Gorsuch is getting sworn into his new post twice today. The first ceremony took place in private. Chief Justice John Roberts did the honors, administering the constitutional oath of office. Then the two judges probably swore allegiance to Beelzebub or whatever it is conservatives on the Supreme Court do.

At 11 AM, there will be a public event at the White House, presided over by Justice Anthony Kennedy, and almost certainly featuring a speech by President Trump praising himself for nominating Justice Gorsuch in the first place.

Once the requisite oaths and speeches are taken care of, the Supreme Court will reportedly convene a “special sitting,” where they will welcome Associate Justice Gorsuch to the bench as an official colleague, while Merrick Garland peers in through the window like a Dickensian pauper.

After that?

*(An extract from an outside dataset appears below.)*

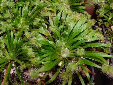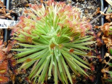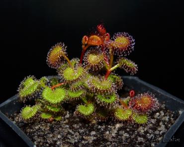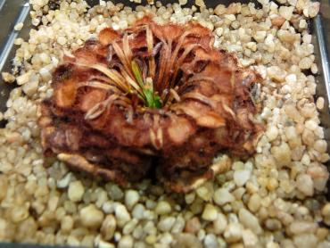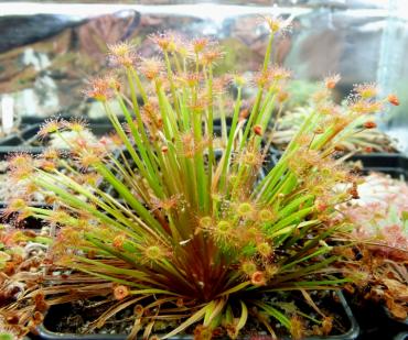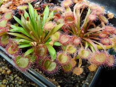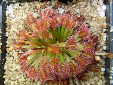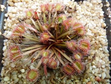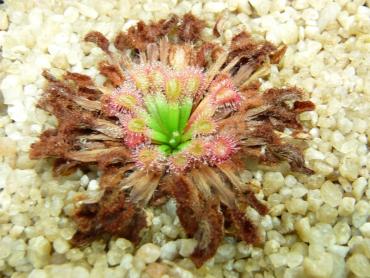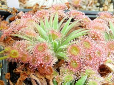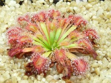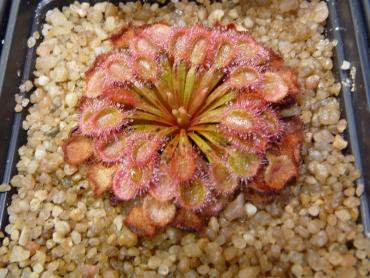 Rosiczki grupy Petiolaris Complex, sekcja Lasiocephala Rośliny z tej grupy są jednymi z ciekawszych rosiczek głównie ze względu na swój niepowtarzalny wygląd i fantastyczne ubarwienie. Większość tworzy przyziemne rozety, dochodzące do kilkunastu, a nawet kilkudziesięciu centymetrów średnicy. Zaliczamy do nich: D. brevicornis, D. broomensis, D. caduca, D. darwinensis, D. derbyensis, D. dilatato-petiolaris, D. falconeri, D. fulva, D. kenneallyi, D. lanata, D. ordensis, D. paradoxa, D. petiolaris, oraz Drosera Banksii- choć jest to jeszcze sprawa sporna, czy na pewno można ją zaliczyć do grupy Petiolaris. W hodowlach spotkać można również wiele roślin spokrewnionych z danym gatunkiem opisanym skrótem 'aff.'; np. Drosera aff. petiolaris. Drosera aff. petiolaris Ponieważ poszczególne gatunki tej grupy bardzo łatwo krzyżują się między sobą można spotkać również wiele ciekawych hodowlanych hybryd tych roślin. Rosiczki Petiolaris Complex są specyficzną grupą roślin, głównie z powodu warunków panujących w ich naturalnym środowisku. Głównie są to intensywne oświetlenie, wysoka temperatura i podwyższona wilgotność otoczenia. Nie będę się rozdrabniał w opisy dla poszczególnych gatunków, ale postaram się przybliżyć ogólne zasady postępowania z tymi roślinami. Najłatwiejszą w uprawie jest z pewnością Drosera paradoxa – nieźle radzi sobie nawet w warunkach „parapetowych”. Najtrudniejsze w utrzymaniu są D. caduca i D. falconeri. Pozostałe rosiczki tej grupy nożna traktować jako średnio trudne w hodowli. Krzyżówki wydają się wykazywać większą odporność niż czyste gatunki. OGÓLNIE Chcąc hodować te rośliny powinniśmy najlepiej zaopatrzyć się w terrarium z jakimś przyzwoitym oświetleniem i np. przewodem grzejnym, gdzie zapewnimy im trochę więcej ciepła i światła niż jest w naszym klimacie. Bardzo ważną rzeczą jest ruch powietrza w zbiorniku, szczególnie dotyczy to okresu spoczynku. Jeśli nie chcemy dorobić się jakiejś niechcianej pleśni, dobrze jest zamontować jakiś wentylatorek np. od komputera. Rośliny nieźle radzą sobie w terrarium dla dzbaneczników nizinnych, ale zalecał bym jednak przygotować dla nich osobny zbiornik. Opis budowy takiego terra znajduje się tutaj: http://www.rosliny-owadozerne.pl/index.php...iolaris+complex TEMPERATURA Rosiczki tej grupy lubią wysokie temperatury. Zalecał bym 20- 40ºC, a nawet 45ºC. Natomiast nie polecał bym spadków poniżej 15ºC ponieważ rośliny mogą to odebrać jako sygnał do wejścia w spoczynek. Dobrze jest zamontować na dnie terra przewód grzejny i ustawić termostat na 25ºC, wtedy mamy pewność że temperatura nie spadnie nam poniżej wybranego poziomu. OŚWIETLENIE Petiolaris są chyba najbardziej światłolubnymi roślinami ze wszystkich owadożerów. Optymalne warunki dla tych roślin mogą być zabójcze np. dla dzbanków czy innych rosiczek. Im więcej światła zapewnimy roślinom, tym one odwdzięczą się nam piękniejszym wybarwieniem. Dobrze jest także ustawić terrarium tak, by przez kilka godzin dziennie padały tam promienie słoneczne, najlepiej przed południem gdy słońce daje więcej światła, a mniej ciepła (w tym przypadku raczej nie grozi to ugotowaniem roślin) Dla terrarium o wymiarach30 x30 x 40 polecam oświetlenie 50- 60W w postaci świetlówek liniowych lub kompaktowych o barwie powyżej 6000K. Oczywiście dla większego zbiornika tym musimy dobrać proporcjonalnie większą moc. Oświetlenie umieszczamy możliwie blisko, 15- 25cm nad roślinami. Kilka egzemplarzy mam w terrarium z dzbankami nizinnymi, można powiedzieć że czują się tam całkiem nieźle, ale gdy dzbaneczniki są pięknie wybarwione, rosiczki są po prostu całe zielone- no może leciutko zaróżowione. Więc zalecam światło zdecydowanie silniejsze niż dla dzbanków. Drosera darviniensis x ordensis przy mocniejszym świetle i w terra dla dzbanków PODŁOŻE Najczęściej stosowaną mieszanką jest torf i piasek w stosunku 1:1, jednak rośliny dobrze rosną w innych podłożach np. torf + perlit- 1:1, torf+ perlit+ piasek- 2:1:1,martwy sphagnum + perlit+ piasek- 2:1:1. Osobiście stosując wymienione podłoża nie zaobserwowałem jakichś znacznych różnic w rozwoju roślin. Spotkałem się również ze stosowaniem mieszaki torf+ piasek+ glina. Rośliny bardzo dobrze rosły w takim podłożu, ale sam tego nie stosowałem więc trudno mi się wypowiadać. Ważną rzeczą jest również wysokość doniczek. Zalecał bym kilkanaście centymetrów wysokości, a i tak można się spodziewać że korzenie roślin zaczną wychodzić przez dolne otwory doniczki. Niektórzy hodowcy wypełniają dno terrarium kilkucentymetrową warstwą torfu, a dopiero na tym umieszczają doniczki z roślinami. PODLEWANIE W okresie wegetacji rośliny lubią mieć mokre podłoże, chociaż okresowo nieźle znoszą nawet lekko wilgotne, ale jak u większości rosiczek starajmy się aby miały wody pod dostatkiem czyli lejemy 2cm do podstawka, a gdy zostanie wchłonięta- uzupełniamy. inaczej wygląda sprawa gdy roślina wchodzi w stan spoczynku, ale to opiszę poniżej. OKRES SPOCZYNKU Życie roślin grupy Petiolaris można podzielić na dwa etapy: okres wegetacji oraz okres suchego spoczynku. Wbrew pozorom, w okresie wzrostu są to dość silne i odporne na błędy rosiczki, problemy występują najczęściej w okresie spoczynku. Wtedy to przez drobne zaniedbania można łatwo stracić roślinę. Potrafią one wejść w stan spoczynku w najmniej oczekiwanym momencie i nawet przy dobrych warunkach nie będziemy mieli na to wpływu. Cała filozofia polega na obserwacji długości liści wytwarzanych przez roślinę. Gdy roślina wchodzi w fazę spoczynku zaczyna wytwarzać coraz krótsze liście, a w momencie wybudzania liście są coraz dłuższe. Kiedy zauważymy tworzenie przez roślinę coraz krótszych liści ograniczamy podlewanie do chwili gdy po

For the foreseeable future, things aren’t looking so great.

With their newly restored 5-4 majority, the conservative justices of the court will take up any number of spicy judicial issues, including a contentious case dealing with state money for religious groups—something well in Gorsuch’s wheelhouse, given his notorious opinion endorsing right-wing craft chain Hobby Lobby’s “free exercise of religion” (by not providing legally mandated contraception for its employees).

From there, Gorsuch will sit on a bitterly divided court likely to preside over questions of LGBTQ equality, abortion access, and voting rights in the coming years—three crucial issues on which his conservative opinion could very well tip the balance toward a more restrictive, less inclusive America for a good long time to come.